Let's celebrate the new Ao5 3x3x3 world record by Ruihang Xu with a competition dedicated to it!
The $500 in prizes will be roughly equally divided between the best and random competitors.

Competition rules

it's a fun competition / TPS spam fest / fake solves competition

Solve the 3 counting scrambles from the record average
- it's ok to try it as many times as you want and submit as many times as you want
- the solution should be human-speedsolve feasible (so it's ok to engineer cfop LL skip solution by trying it hundred times, but it's not ok to use reverse scramble or FMC solution)



Spoiler: scrambles



1. Scramble: L2 B D2 F2 D2 R2 F2 U2 R2 D F L2 B D' U' L F2 U L2 U'
x2 y
R' B' U' R2 D R
y R' U2 R U' R' U R
U2 L U2 L' U L U' L'
R U' R' U' F U' F'
U' R U R' U' R U R'
U R U R' U' R' F R F'
U2 R' U' F' R U R' U' R' F R2 U' R' U' R U R' U R U'
5.48 seconds, 66 moves, 12.04 TPS.

2. Scramble: R' F2 R' D2 U2 F L' U' L' R F' U' F2 R2 U' F R2
y
r2 R D U R D F y D
U R' U2 R
y' U L' U' L U' L' U L
U' R U' R' U R' U2 R
U' R U2 R' U2 R U' R'
U2 R' U2 R' D' R U' R' D R U R U' R' U' R
5.52 seconds, 52 moves, 9.42 TPS.

3. Scramble: L2 R2 B2 D U B2 U' R2 D2 U' B R2 B2 F R U' B L R2 D' L' U2
z' y
R U x' U D' R' F R D' R
y' U' R U' R' U R' U' R
y' U R' U' R U R' U2 R
y' U' R U R'
R' U2 R U' R' U R
U2 r' U' r R' U' R U r' U r
R U' R U R U R U' R' U' R2
5.45 seconds, 58 moves, 10.64 TPS.



Prizes
I will award 5 prizes 100$ each to the selected competitors.
1) to the best entry
2) to the best entry using the exact same solution as the WR attempt.
...
5) randomly drawn from all people who post in the thread

prices 3 and 4 will be random draws where competing earlier and better increases chances of winning.

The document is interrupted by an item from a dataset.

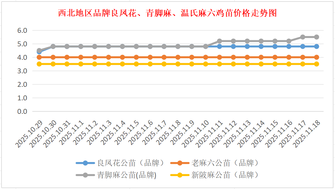 西北地区麻鸡苗价格走势图(来源:鸡病专业网)

You need to post a video of your solves if you want to win prize 1 or 2.

Duration
The competition will last roughly 1 month. It starts now and ends on Saturday 10th July 2021 GTM 23:59.


----------



## PetrusQuber (Jun 5, 2021)

kubesolver said:


> The idea
> 
> Let's celebrate the new Ao5 3x3x3 world record by Ruihang Xu with a competition dedicated to it!
> The $500 in prizes will be roughly equally divided between the best and random competitors.
> ...


I might try this!


----------



## WoowyBaby (Jun 5, 2021)

This sounds interesting! Congrats to Ruihang Xu for an amazing WR!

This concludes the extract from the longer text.